SOURCE MATERIAL:
○ ○ ○
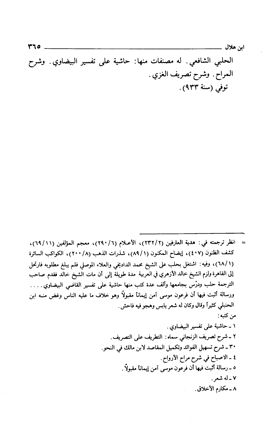 الحلبي الشافعي. له مصنفات منها: حاشية على تفسير البيضاوي. وشرح المراح. وشرح تصريف الغزي.
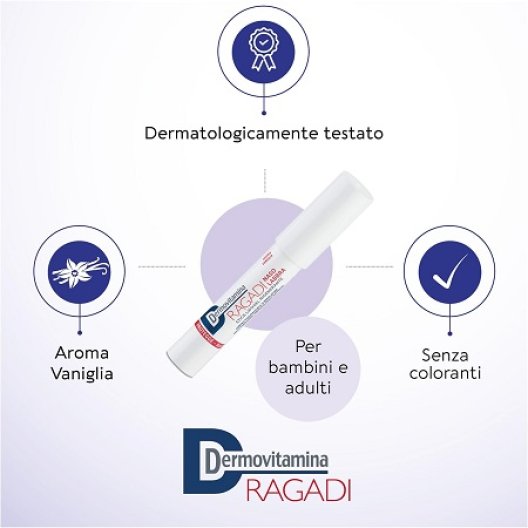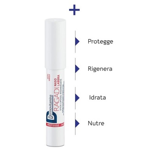 Dermovitamina Ragadi Naso Labbra Stick è un pratico gel riparatore in formato stick, appositamente formulato per trattare fissurazioni e screpolature della zona naso-labiale causate da freddo, raffreddore, vento e clima secco, sia negli adulti che nei bambini.
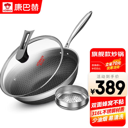 1.5.康巴赫炒锅316L不锈钢炒菜锅双面蜂巢不粘锅32cm旗舰款配蒸屉电磁炉通用
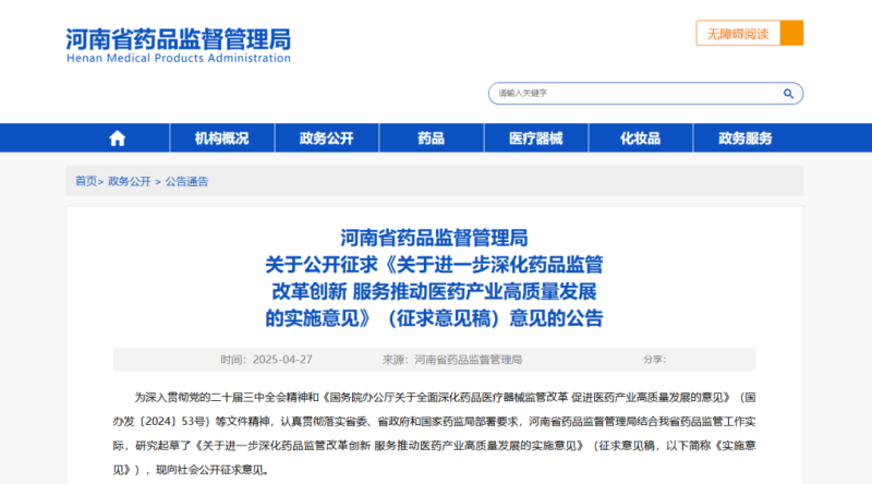 4月27日,河南省藥監局發布《關于進一步深化藥品監管改革創新 服務推動醫藥產業高質量發展的實施意見(征求意見稿)》,以下簡稱《實施意見》),并向社會公開征求意見。
○ ○ ○
PROBLEM: Take every line of the material and copy it exactly, leaving out the pictures.

EXPECTED OUTPUT:
 الحلبي الشافعي. له مصنفات منها: حاشية على تفسير البيضاوي. وشرح المراح. وشرح تصريف الغزي.
 Dermovitamina Ragadi Naso Labbra Stick è un pratico gel riparatore in formato stick, appositamente formulato per trattare fissurazioni e screpolature della zona naso-labiale causate da freddo, raffreddore, vento e clima secco, sia negli adulti che nei bambini.
 1.5.康巴赫炒锅316L不锈钢炒菜锅双面蜂巢不粘锅32cm旗舰款配蒸屉电磁炉通用
 4月27日,河南省藥監局發布《關于進一步深化藥品監管改革創新 服務推動醫藥產業高質量發展的實施意見(征求意見稿)》,以下簡稱《實施意見》),并向社會公開征求意見。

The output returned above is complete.